Given this, there were generally two camps of thought which actively debated these issues. One, largely critical of the reforms, emphasized that the supposed failures of state-led development were not as acute as neoliberal writers were claiming, and that therefore, it was important to trace the political economy changes, i.e.; the role of bureaucratic-businessmen alliances, or the shifting governmental priorities pushed forth by, and in favour of, elite interests in order to understand the emergence of reforms. Then there were those who actively advocated reforms, pointing out to the stifling measures of state-led planning economy, which was unable to unleash the entrepreneurial spirits of the nation, or improve the overall economic efficiency, and therefore could not integrate into the global market by attracting foreign capital and increasing incentives for domestic private investment. There are, needless to say, considerable variations within each of these camps which I will try to present as well.
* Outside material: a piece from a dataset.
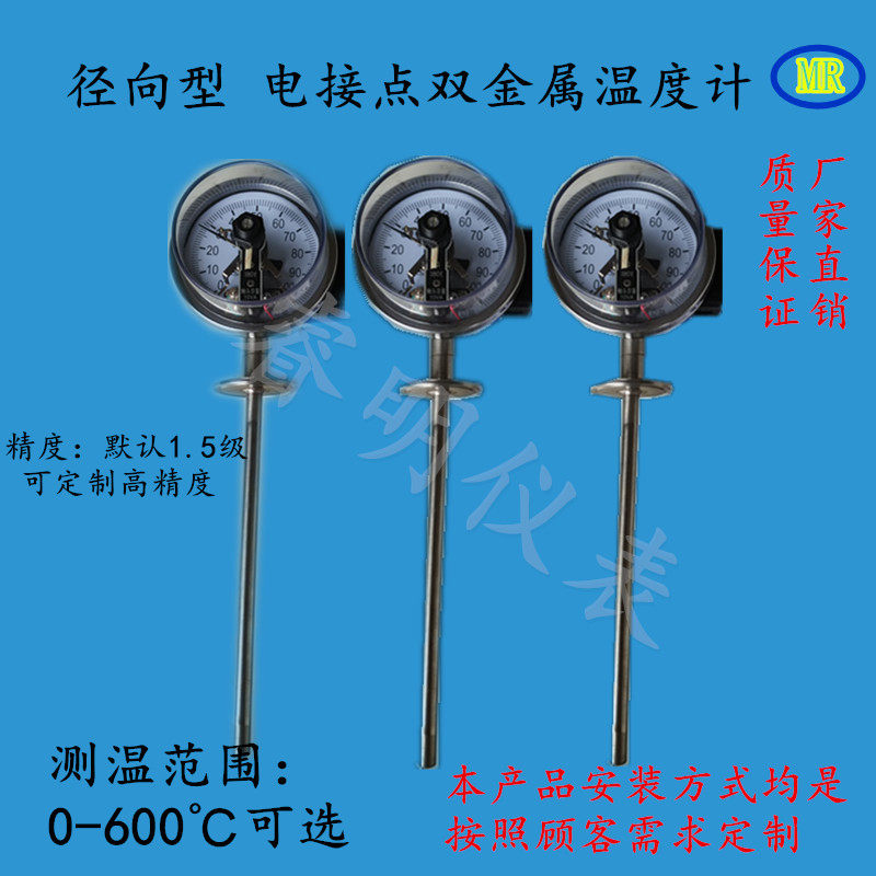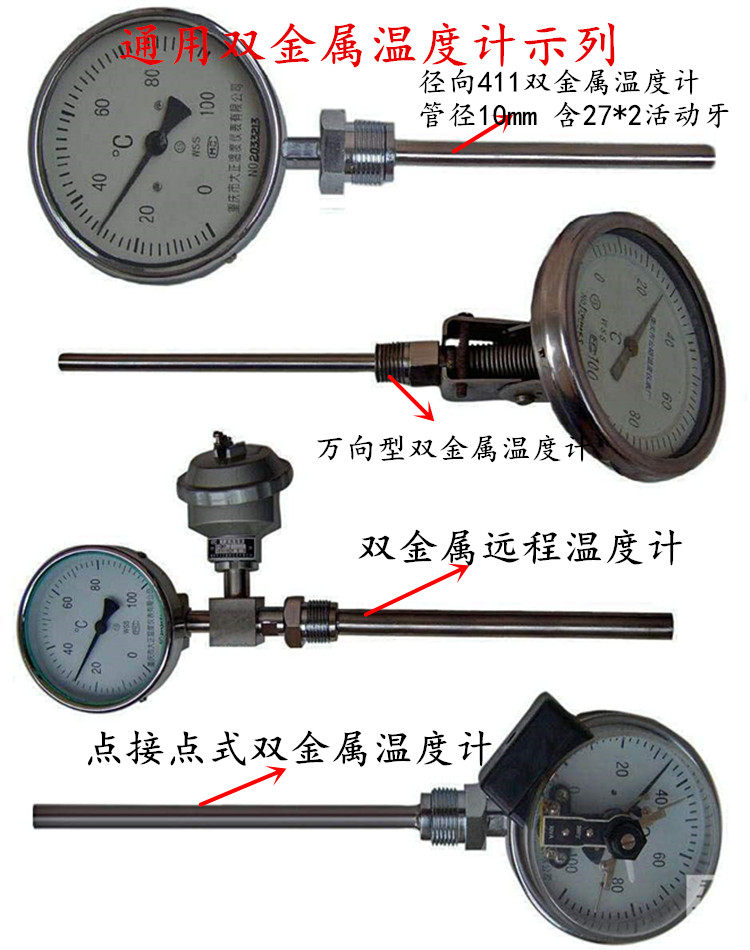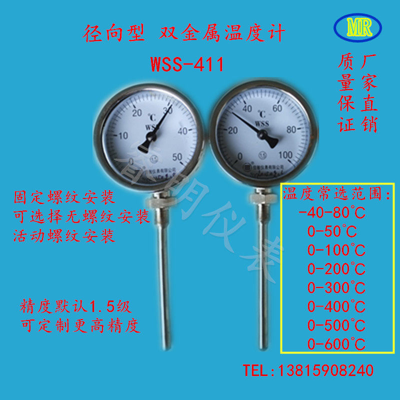 Factory Pin pointer Double metal thermometer WSS-401 411 Industrial boiler pipe temperature measurement specs complete

The underlying argument here is that a failure of the socialist developmental schemes led to a gradual but partial reversal in the states’ responses to the constraints present at the time of reforms which motivated them to liberalize. Here, I use the word ‘partial’ in a double sense: in lieu of Corbridge (2000), as being partial or favourable to elite interests, and secondly, as ‘incomplete’, in the sense that there was never a complete or absolute withdrawal of the state from the economic apparatus.
Two Models of Divergence
There is an interesting divergence in the development models of India and Sri Lanka before they took on the reforms, which evinces that diversity in approaches to state intervention exists even within development states. While India predominantly focused on heavy industrialization and capital formation as a way to alleviate poverty, by contrast Sri Lanka prioritized public spending on social welfare mechanisms and various subsidizing policies. Over the long-run, while failure to (i) mobilize domestic resources, (ii) direct and sustain savings into productive investment, (iii) to create rural demand and increase agrarian productivity, and (iv) persistent levels of poverty, unemployment and under capacity utilization etc. led to an economic slump in India in the 70s, in the case of Sri Lanka, we see that an overdependence on plantation-led exports revenue could not sustain the pervasive expansion of the public sector in regulation, production and welfare which eventually led to a deteriorating exchange position. (Herring, 1987)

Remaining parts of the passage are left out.